The company explains that the current weekly fees indicate minimal interaction with decentralized finance (DeFi) applications, nonfungible token (NFT) issuance, and other activities. And he expects it to recover eventually, benefiting traders who take positions today.
As for the cryptocurrency's price, the investment company stresses that "as long as ETH remains above $1,800, traders should remain bullish."
The reason for this is that the price of the coin has managed to make "a double breakout". On the one hand, it has broken the descending trendline of lower and lower highs, which is marked in black on the chart. On the other hand, it has broken above the support bottom at $1,550 to the current levels.

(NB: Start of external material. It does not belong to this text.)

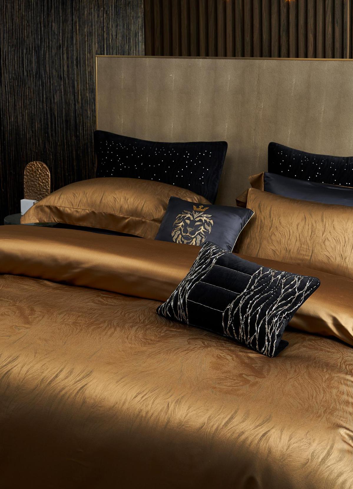 “这款产品采用的是行业最高标准6A级桑蚕丝用料,面料柔滑、温润贴肤”、“产品上的图样,采用品牌独创的像素级细描工艺,费时2163小时笔笔勾勒,栩栩如生还原狮子画像”、“品牌率先采用高定手工钉珠工艺,将床品高定时装化”……日前,在梦洁一旗舰店内,一位身着正装、佩戴着白手套的导购,正在温文尔雅地向顾客介绍最新推出的春夏奢品级床品“王者归来”。

Matrixport further mentions that bitcoin's (BTC) dominance in the cryptocurrency market peaked on Oct. 26 at 53.4% and has since declined to 51.8%. Meanwhile, the trading volume ratio of bitcoin and ether has fallen by half.
"Both indicators signal that the 'peak' interest in BTC is behind us and that altcoins (including ETH) have a chance to perform better," Matrixport said.
In addition, he highlighted that when the ETH-BTC ratio is at its lowest point as it currently is (black line of the chart), its MP Greed & Fear indicator suggests that altcoins could outperform BTC.